Editorial: Enact controls — now
Thursday, Feb. 26, 2004 | 8:58 a.m.
A lot has been written about acid rain and how it has contaminated buildings, lakes, streams and forests. Emissions from fossil-fueled power plants contain pollutants that are carried hundreds of miles by the wind. Although they can be widely distributed in dry form as well, the pollutants are most commonly known for combining with moisture and being distributed randomly by fog, snow and rain. Over time, if not controlled, this increased acidity causes fish to die, soils and trees to become damaged and human health to be harmed. Pollution controls were the only answer to acid rain. What has not been so widely reported is that mercury -- especially harmful to children and fetuses -- is also dispersed into the atmosphere from power plants and travels throughout the country in the same way.
Mercury poisoning can result in memory and vision loss, poor attention spans, learning problems and physical impairment. The Environmental Protection Agency estimates that one of every six American women of childbearing age have unsafe levels of mercury in their blood. The EPA also says as many as 630,000 children may be born each year with too much mercury in their blood. The Bush administration has strongly cautioned women and children against eating mercury-contaminated fish.
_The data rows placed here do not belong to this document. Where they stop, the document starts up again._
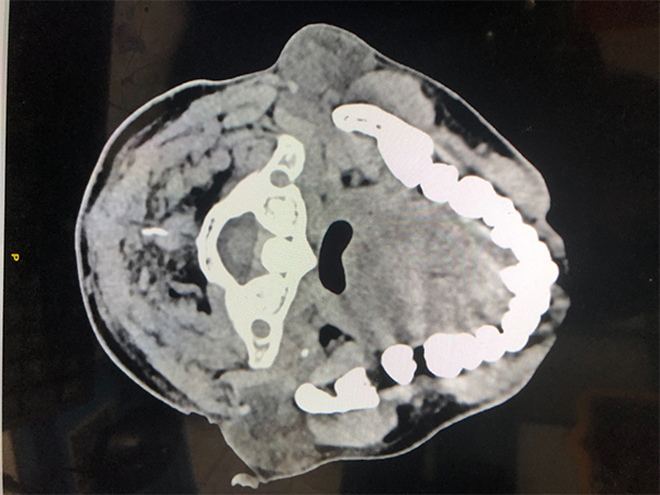 患者為中年男性,因“右側(cè)耳后腫物1年”入院;颊咦允1年來發(fā)現(xiàn)右側(cè)耳后腫物漸進性增長,抗炎治療無效,現(xiàn)影響面容遂來就診。
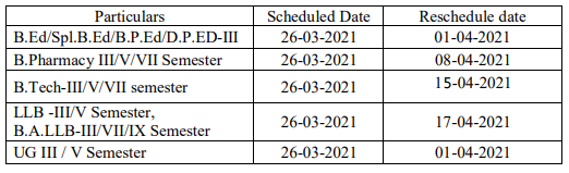 Having considered the subject and reference above, the Vice –Chancellor has ordered the B.Ed/ Spl.B.Ed/ B.P.Ed/ D.P.ED-III, LLB- III/V Semester, B.A.LLB-III/ VII /IX Semester, B.Pharmacy III / V/ VII Semester, B.Tech-III /V /VII semester and UG III/V semester theory examinations which are scheduled on 26-03-2021 are postponed, due to BHARAT BANDH. The rescheduled dates of examinations are given below.
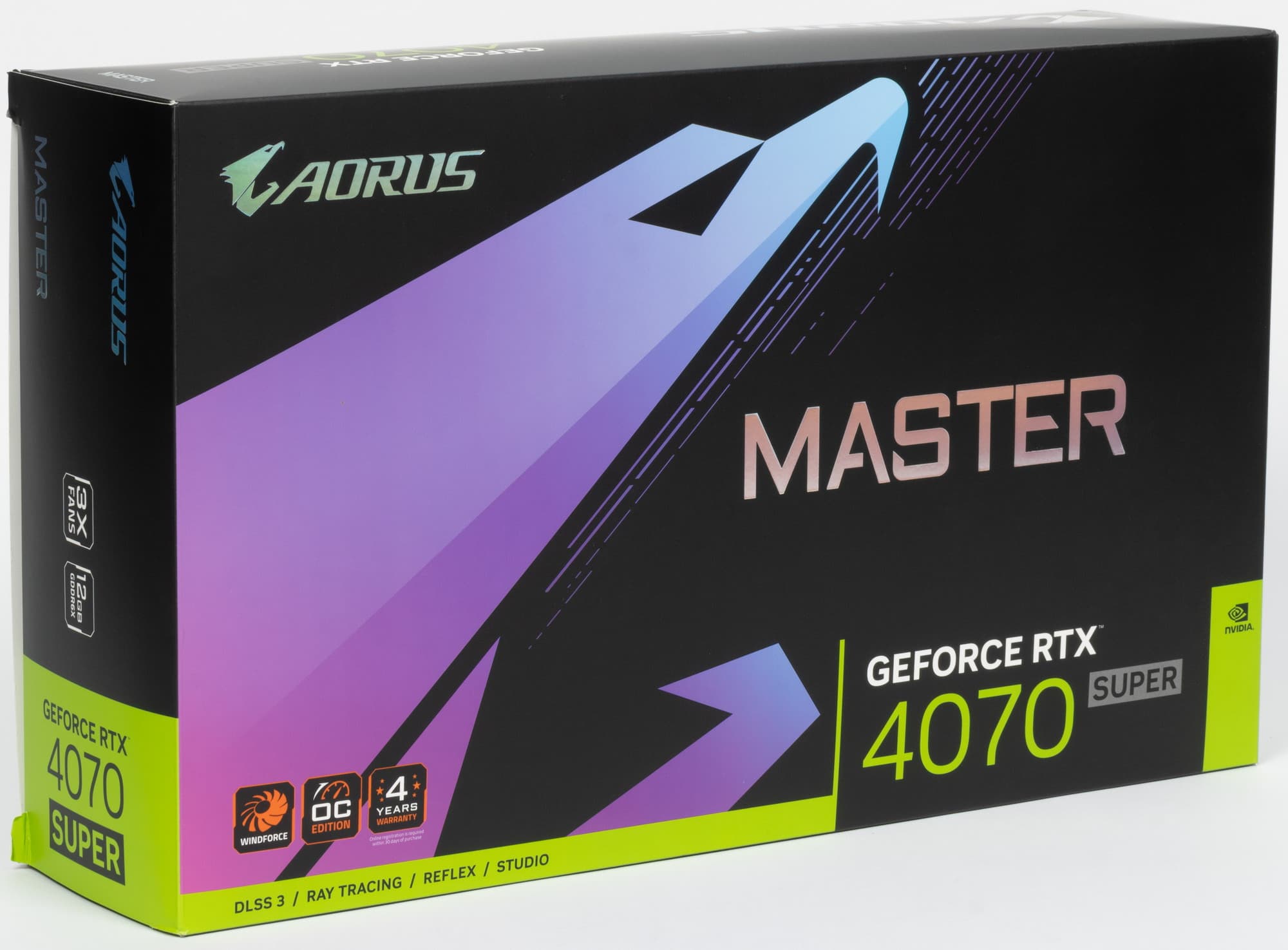 Сегодня мы изучаем видеокарту Aorus, суббренда Gigabyte, да еще с фирменным суффиксом Master — а это флагманские видеокарты Aorus. Позабавило сочетание суффиксов Nvidia и Gigabyte: GeForce RTX 4070 Super Master. Не просто владелец, а суперхозяин :)
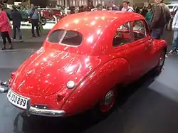 A Cd factor of 0.42 was claimed for the new design and the look of the car was significantly smoother than the 1930s DKW designs.[1] For the first time, a three cylinder engine was specified, implying useful performance advantages. In other respects, DKW traditions were respected. The engine was still a two stroke unit, and the driven wheels were still the front wheels. The chassis was still of box frame construction.

Yet this same administration is proposing that mercury be regulated as a "nontoxic pollutant," meaning that far less stringent standards for control would be imposed on power plants. The EPA had been on a course that would have required power plants to cut mercury emissions by 90 percent by 2008. The Bush administration, however, wants to give power plants until at least 2018 to install state-of-the-art control technology. Mercury contamination, like acid rain, can be lessened only through pollution controls. The Bush administration should allow the EPA to stay on its original course.